** Action item **
Begin at the line below that has "会议在庄严的共青团团歌中拉开". Stop after the line that has "Печенье с предсказаниями", repeating each line exactly and leaving out the pictures.

** Dataset extract **

****

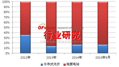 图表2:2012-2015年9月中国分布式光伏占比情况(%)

****

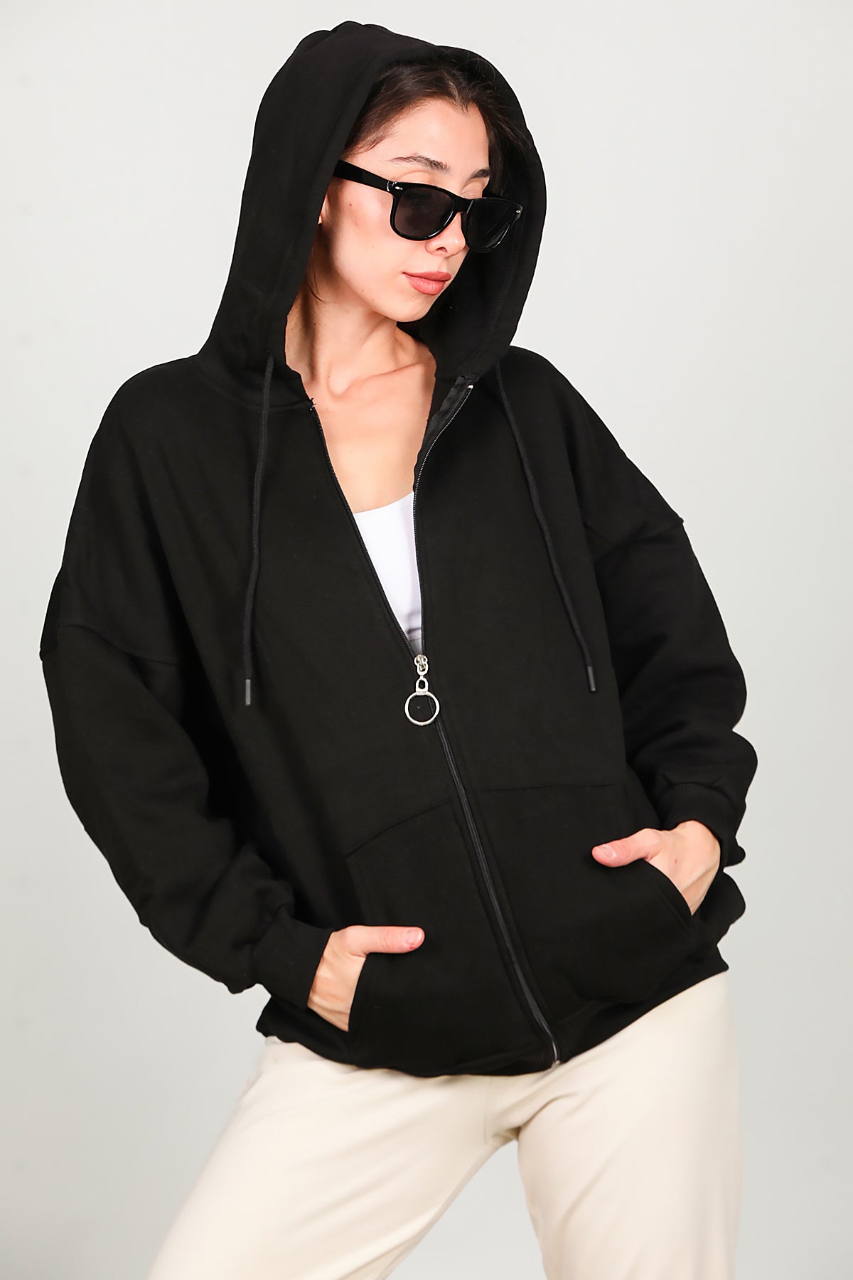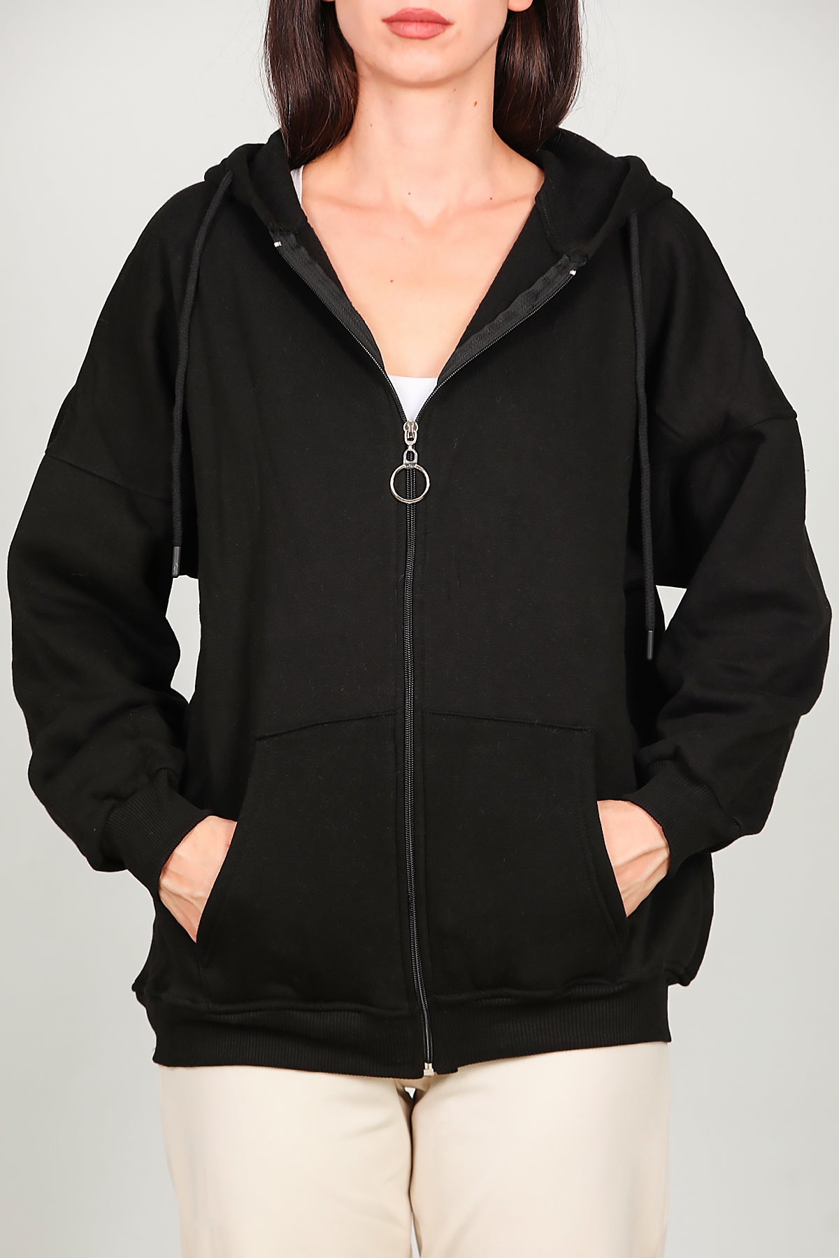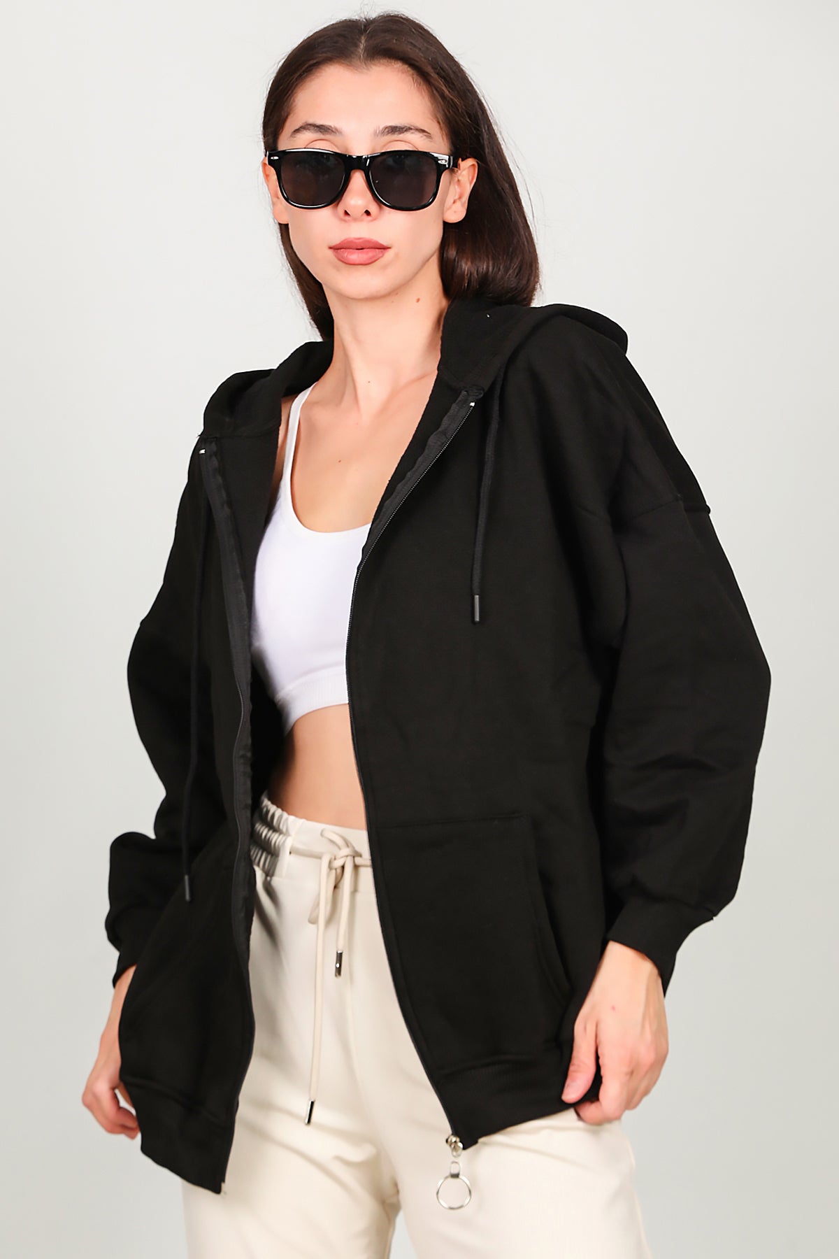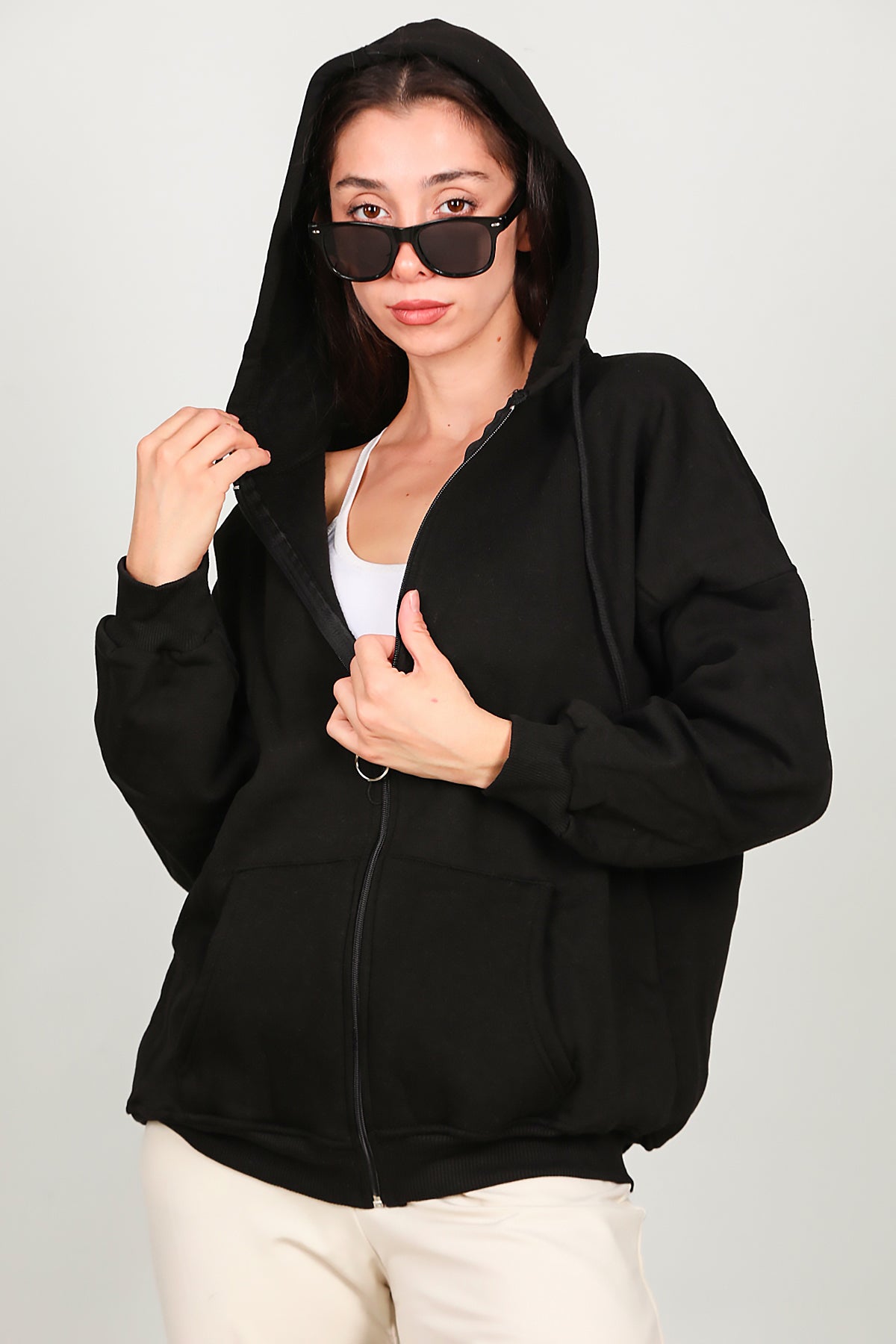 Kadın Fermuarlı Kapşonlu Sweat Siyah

****

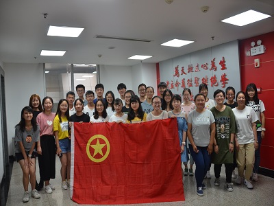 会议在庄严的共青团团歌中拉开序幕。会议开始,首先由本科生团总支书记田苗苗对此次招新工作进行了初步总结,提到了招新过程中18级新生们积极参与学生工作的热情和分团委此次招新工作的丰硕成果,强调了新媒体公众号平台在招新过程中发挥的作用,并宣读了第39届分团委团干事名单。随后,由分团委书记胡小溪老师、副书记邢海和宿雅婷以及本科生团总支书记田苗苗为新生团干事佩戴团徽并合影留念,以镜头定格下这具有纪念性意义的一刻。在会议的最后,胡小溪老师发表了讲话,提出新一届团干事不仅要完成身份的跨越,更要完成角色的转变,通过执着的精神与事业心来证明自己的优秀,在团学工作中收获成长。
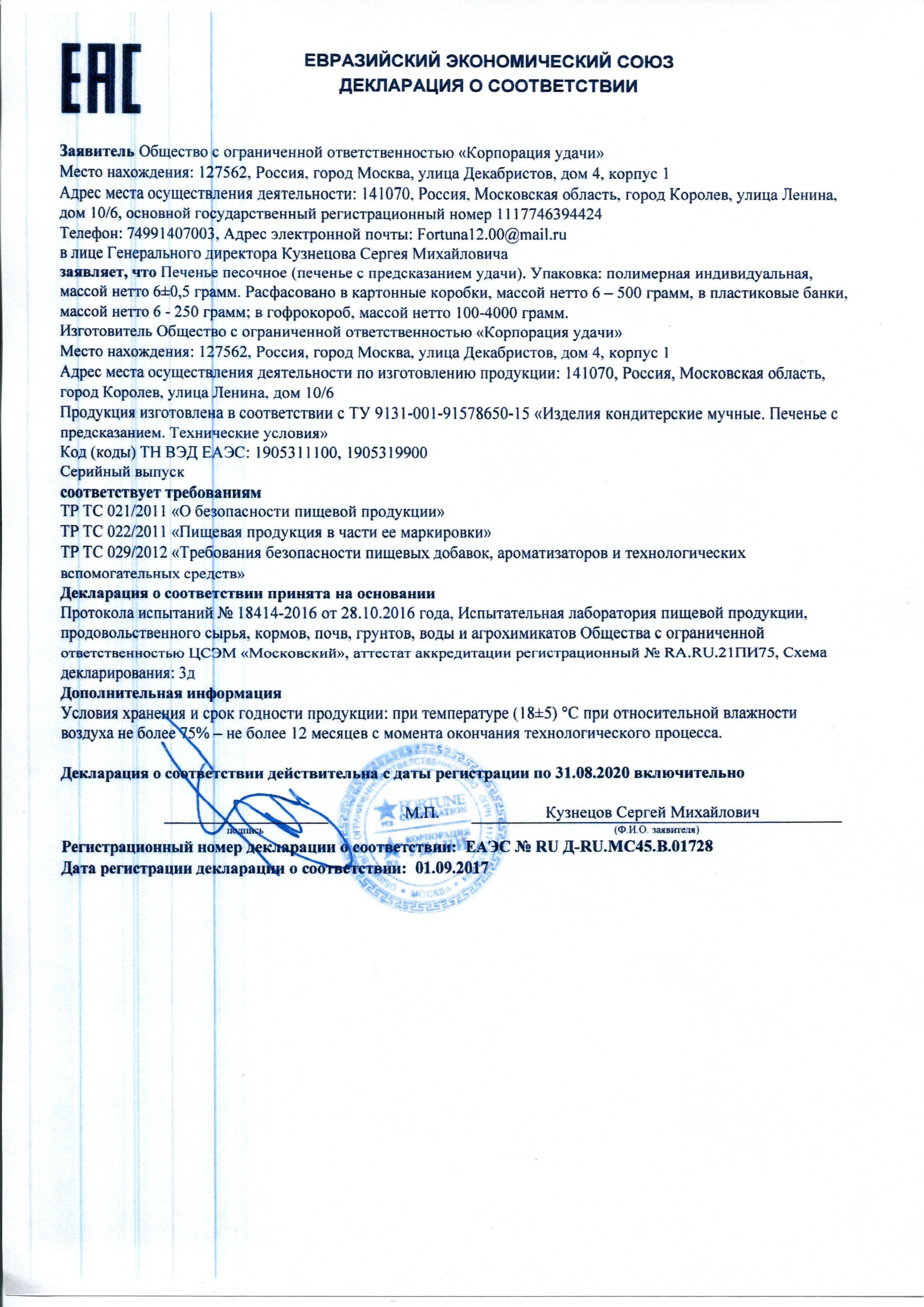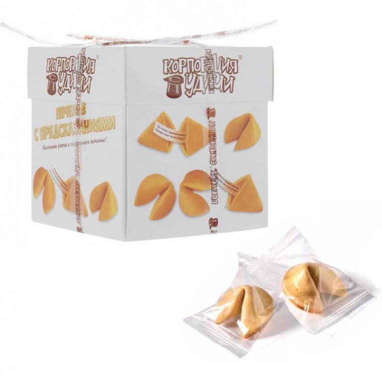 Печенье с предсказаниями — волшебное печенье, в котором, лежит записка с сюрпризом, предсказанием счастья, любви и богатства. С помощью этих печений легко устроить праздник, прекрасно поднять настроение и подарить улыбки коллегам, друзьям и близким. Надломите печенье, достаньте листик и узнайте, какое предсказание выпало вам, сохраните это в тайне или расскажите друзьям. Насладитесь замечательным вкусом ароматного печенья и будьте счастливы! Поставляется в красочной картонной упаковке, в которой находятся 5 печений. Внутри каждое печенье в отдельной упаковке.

****

** Exercise result **
 会议在庄严的共青团团歌中拉开序幕。会议开始,首先由本科生团总支书记田苗苗对此次招新工作进行了初步总结,提到了招新过程中18级新生们积极参与学生工作的热情和分团委此次招新工作的丰硕成果,强调了新媒体公众号平台在招新过程中发挥的作用,并宣读了第39届分团委团干事名单。随后,由分团委书记胡小溪老师、副书记邢海和宿雅婷以及本科生团总支书记田苗苗为新生团干事佩戴团徽并合影留念,以镜头定格下这具有纪念性意义的一刻。在会议的最后,胡小溪老师发表了讲话,提出新一届团干事不仅要完成身份的跨越,更要完成角色的转变,通过执着的精神与事业心来证明自己的优秀,在团学工作中收获成长。
 Печенье с предсказаниями — волшебное печенье, в котором, лежит записка с сюрпризом, предсказанием счастья, любви и богатства. С помощью этих печений легко устроить праздник, прекрасно поднять настроение и подарить улыбки коллегам, друзьям и близким. Надломите печенье, достаньте листик и узнайте, какое предсказание выпало вам, сохраните это в тайне или расскажите друзьям. Насладитесь замечательным вкусом ароматного печенья и будьте счастливы! Поставляется в красочной картонной упаковке, в которой находятся 5 печений. Внутри каждое печенье в отдельной упаковке.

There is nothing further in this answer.